REQUIRED WORK
Below are records; print only the lines from the line containing "當日,粵港澳大灣區(qū)首" to the end, both included, reproduced exactly and without the pictures.

Extracted data entries:
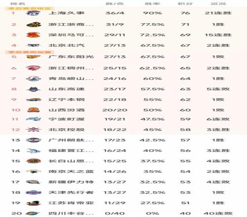 CBA最新積分榜
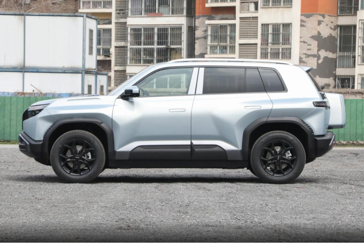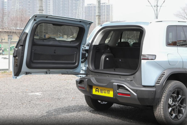 车身侧面是很舒服的方盒子硬派风格,线条平直有力,外扩的轮眉看着就很有肌肉感,再加上隐藏式门把手,侧面干净利落,风阻也更低。除此之外,车尾采用了侧开尾门+外挂小书包,特别有个性。这个小书包还是实用的储物盒,放充电枪、小工具刚刚好。尾灯是横向切割样式,点亮之后很醒目,整体看着敦实又好看。
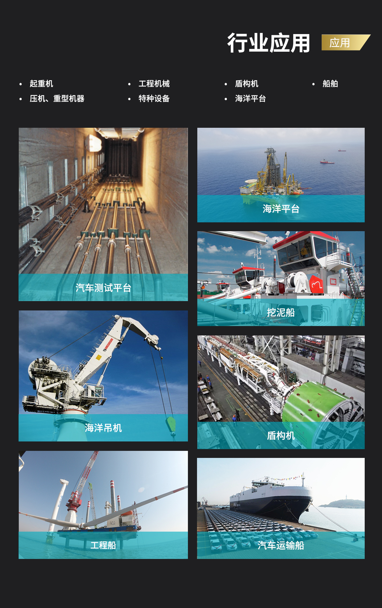 广泛应用于起重机、工程机械、盾构机、特种设备、船舶及海洋平台行业
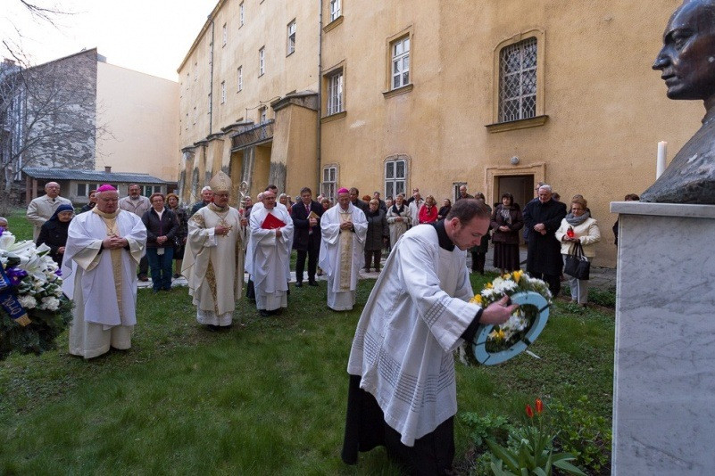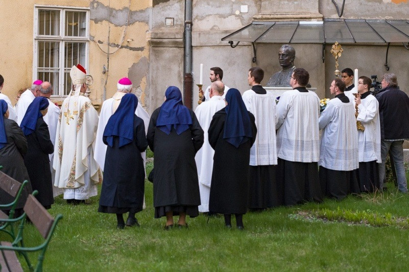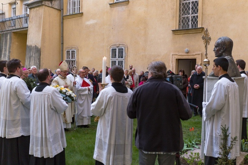 A szentmise után az egész ünneplő közösség a szeminárium udvarára vonult, ahol az egykori papnevelő tanár, Magyarország apostola és tanítója szobránál elhelyezték az emlékezés virágait. A papnövendékekkel és a hívekkel együtt imádkoztak Prohászka Ottokár boldoggá avatásáért, a püspök közbenjárásáért, a magyar egyházért és papi hivatásokért.
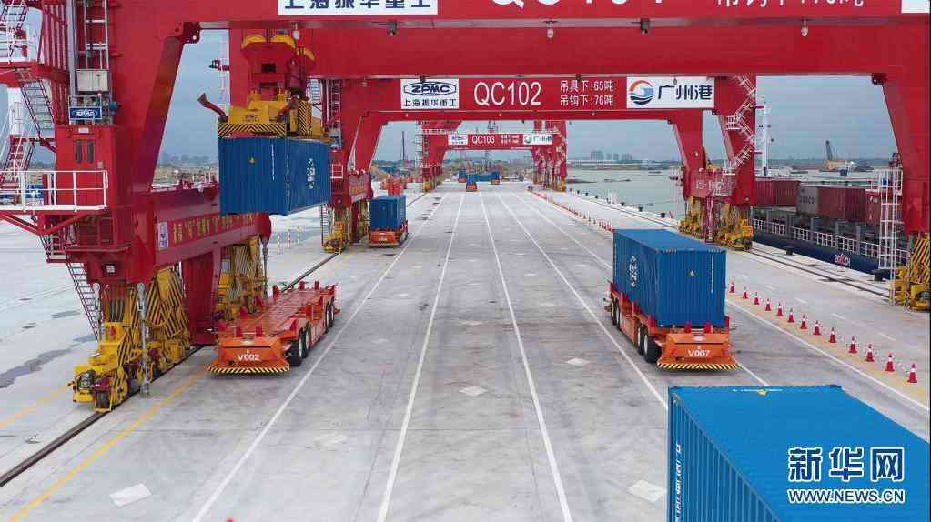 當日,粵港澳大灣區(qū)首個全自動化碼頭廣州港南沙四期工程成功進行實船聯(lián)合調(diào)試。這套自動化操作系統(tǒng)融合了北斗導航、5G通信、人工智能、云計算、大數(shù)據(jù)分析等先進技術(shù),我國擁有完全自主知識產(chǎn)權(quán)。新華社發(fā)(廣州港集團供圖)
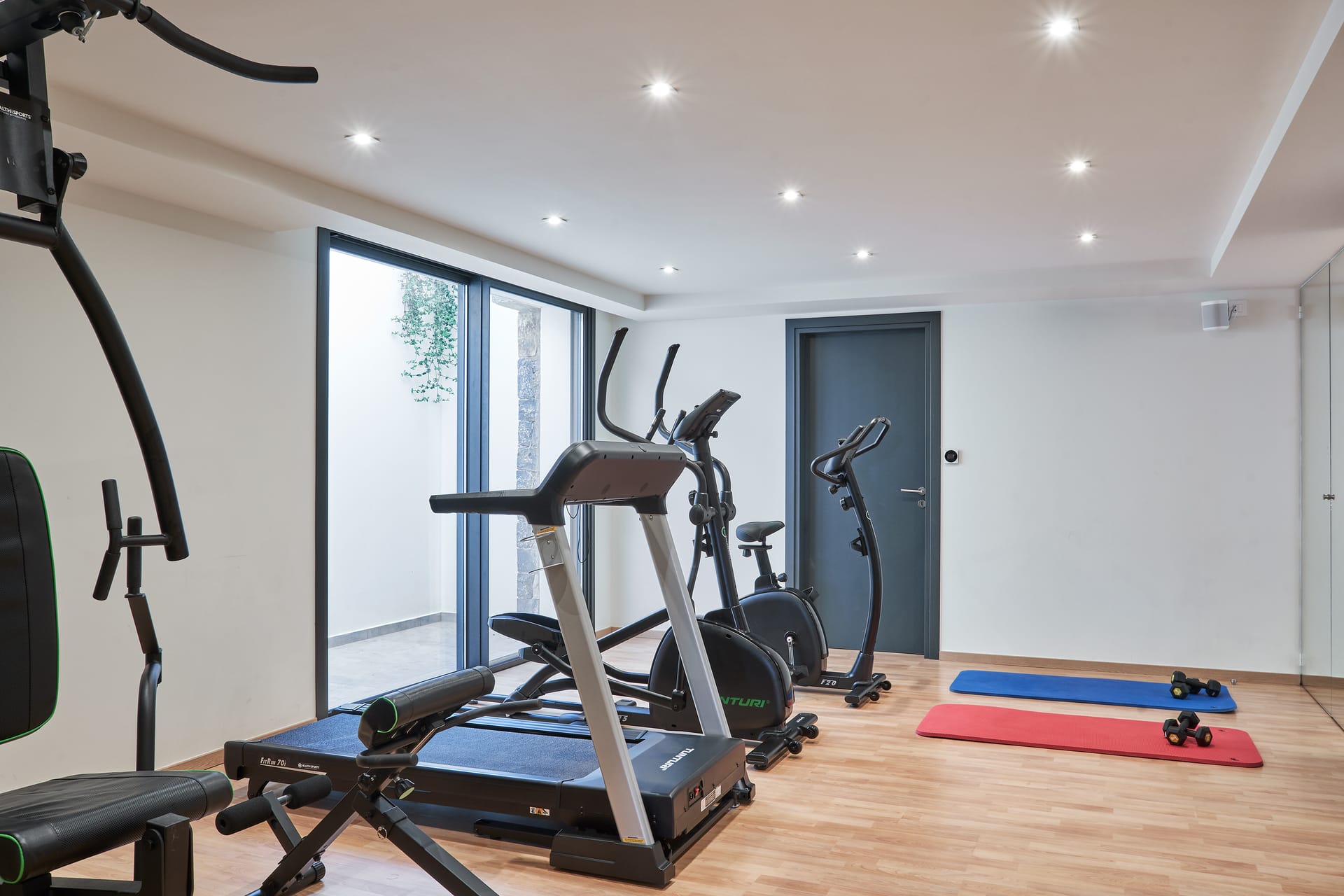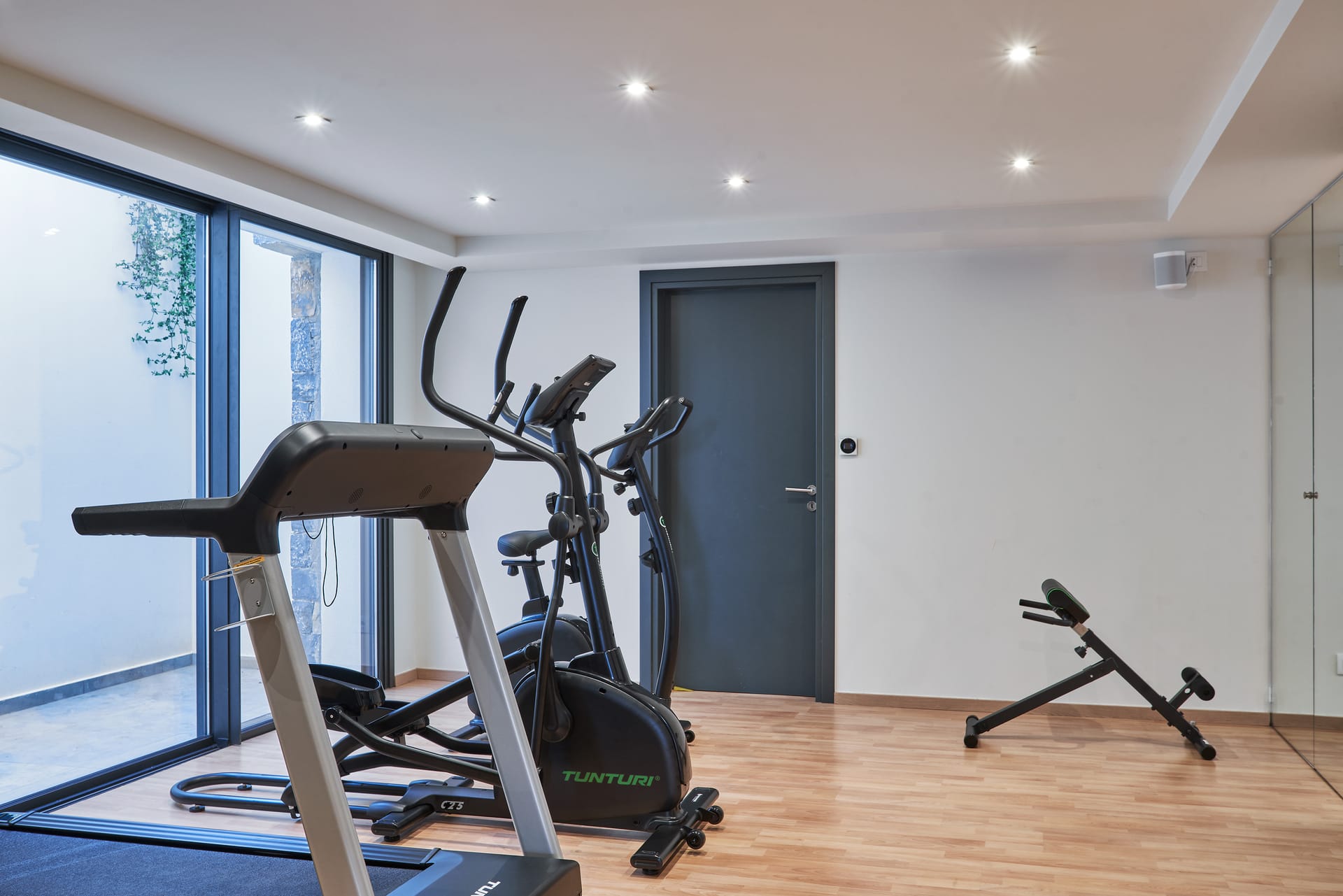 For those who want to stay in shape, you can enjoy a fully equipped gym, while watching the news or listening to music. The villa is also equipped with a cinema room with incredible sound and image quality. For music lovers, the house has sound speakers in every room and around the pool. Finally, for families with young children, we have all the necessary equipment (cots, high chairs, baby cook...)

COMPLETED TASK
 當日,粵港澳大灣區(qū)首個全自動化碼頭廣州港南沙四期工程成功進行實船聯(lián)合調(diào)試。這套自動化操作系統(tǒng)融合了北斗導航、5G通信、人工智能、云計算、大數(shù)據(jù)分析等先進技術(shù),我國擁有完全自主知識產(chǎn)權(quán)。新華社發(fā)(廣州港集團供圖)
 For those who want to stay in shape, you can enjoy a fully equipped gym, while watching the news or listening to music. The villa is also equipped with a cinema room with incredible sound and image quality. For music lovers, the house has sound speakers in every room and around the pool. Finally, for families with young children, we have all the necessary equipment (cots, high chairs, baby cook...)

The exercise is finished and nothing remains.